Chain of Alignment: Integrating Public Will with Expert Intelligence for Language Model Alignment
This addresses the challenge of ensuring AI systems reflect societal values, particularly for public-facing applications like mental health, though it is incremental as it builds on existing alignment techniques.
The paper tackles the problem of aligning language model behavior with public will by introducing a 'chain of alignment' method that uses public input to set normative objectives and expert-derived rules to evaluate model responses, achieving high public support (96% ± 2%) and strong correlation with human expert judgments (Pearson's r=0.841, AUC=0.964) in mental health domains.
We introduce a method to measure the alignment between public will and language model (LM) behavior that can be applied to fine-tuning, online oversight, and pre-release safety checks. Our `chain of alignment' (CoA) approach produces a rule based reward (RBR) by creating model behavior $\textit{rules}$ aligned to normative $\textit{objectives}$ aligned to $\textit{public will}$. This factoring enables a nonexpert public to directly specify their will through the normative objectives, while expert intelligence is used to figure out rules entailing model behavior that best achieves those objectives.
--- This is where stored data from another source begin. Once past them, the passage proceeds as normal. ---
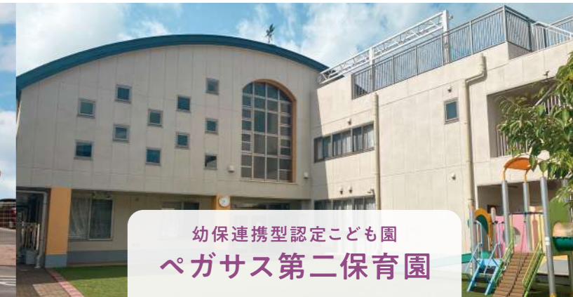
幼保連携型認定こども園 ペガサス第二保育園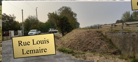
Rue Louis Lemaire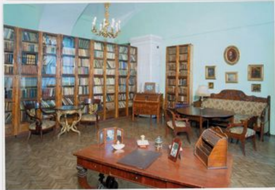
Мемориальный кабинет академика В. В. Виноградова в Пушкинском Доме. 2002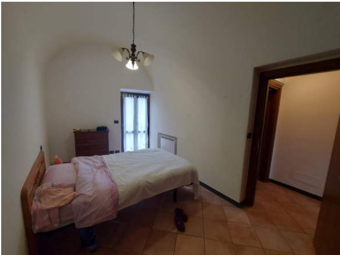
Fotografia 8: la camera a ovest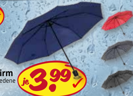
Taschenschirm mit Hülle, verschiedene Farben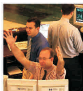
Italia va avea piață alternativă de acțiuni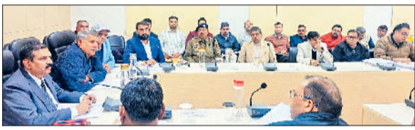
चरखी दादरी। जिला विकास समन्वय एवं निगरानी समिति की बैठक लेते सांसद।

उन्होंने कहा कि पिछले अनुभव के आधार पर देखा गया है कि बरसात की मात्रा में बढ़ोतरी हो रही है और नए नए क्षेत्रों में जलभराव की समस्या सामने आ रही है। साथ ही यह भी देखने में आया है कि नए बनने वाले मार्गों के साथ पानी निकासी की व्यवस्था नहीं हाती है, जिसके कारण यदि एक तरफ पानी भर जाता है तो उसे निकालना बहुत मुश्किल हो जाता है। ऐसे में सड़क मार्ग बनाने वाली सभी एजेंसियों सुनिश्चित करें कि किसी भी प्रस्तावित या नए बनने वाला नेशनल हाइवे या स्टेट हाइवे के साथ आबादी क्षेत्र में सर्विस रोड जरूर हो और इसके अलावा हाइवे के दोनों ओर पानी निकासी की व्यवस्था भी हो। बिना इन प्रावधानों के रोड के डिजाइन ना बनाए जाएं।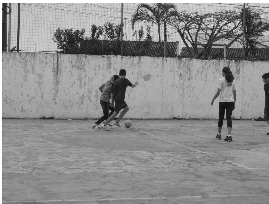
Figura 2: Quadra de Futsal (arquivo pessoal)

Material básico fornecido: bola de vôlei e camiseta para monitor (arquivo pessoal).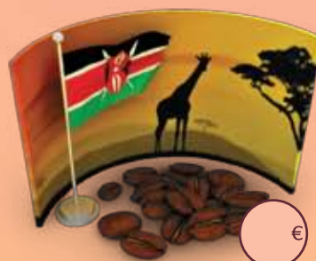
Café espresso Kenia AAA

Café muy aromático. Notable acidez natural. Ciertas notas a cítricos y frutos rojos.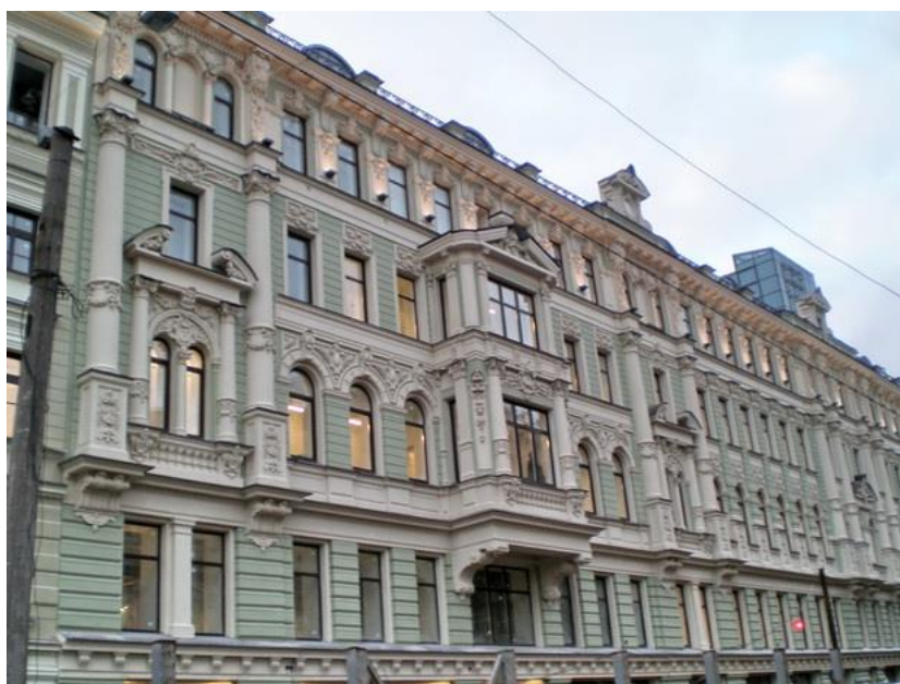
Рисунок 2 – Здание в Санкт-Петербурге, ул. Восстания, д. 2

Для понимания причин появления объективизма необходимо проследить весь жизненный путь Айн Рэнд. Она родилась в Санкт-Петербурге 20 января 1905 г. в семье медицинских работников. Айн Рэнд – псевдоним, который урожденная Алиса Зиновьевна Розенбаум взяла в дальнейшем. В семье Розенбаум было три дочери, среди которых Алиса была старшей. Отец Айн Рэнд работал фармацевтом в аптеке, находившейся в центре города, и семья проживала в квартире над ней (рис. 2) [4].

We validate our approach by applying it across three different domains of LM prompts related to mental health. We demonstrate a public input process built on collective dialogues and bridging-based ranking that reliably produces normative objectives supported by at least $96\% \pm 2\%$ of the US public. We then show that rules developed by mental health experts to achieve those objectives enable a RBR that evaluates an LM response's alignment with the objectives similarly to human experts (Pearson's $r=0.841$, $AUC=0.964$). By measuring alignment with objectives that have near unanimous public support, these CoA RBRs provide an approximate measure of alignment between LM behavior and public will.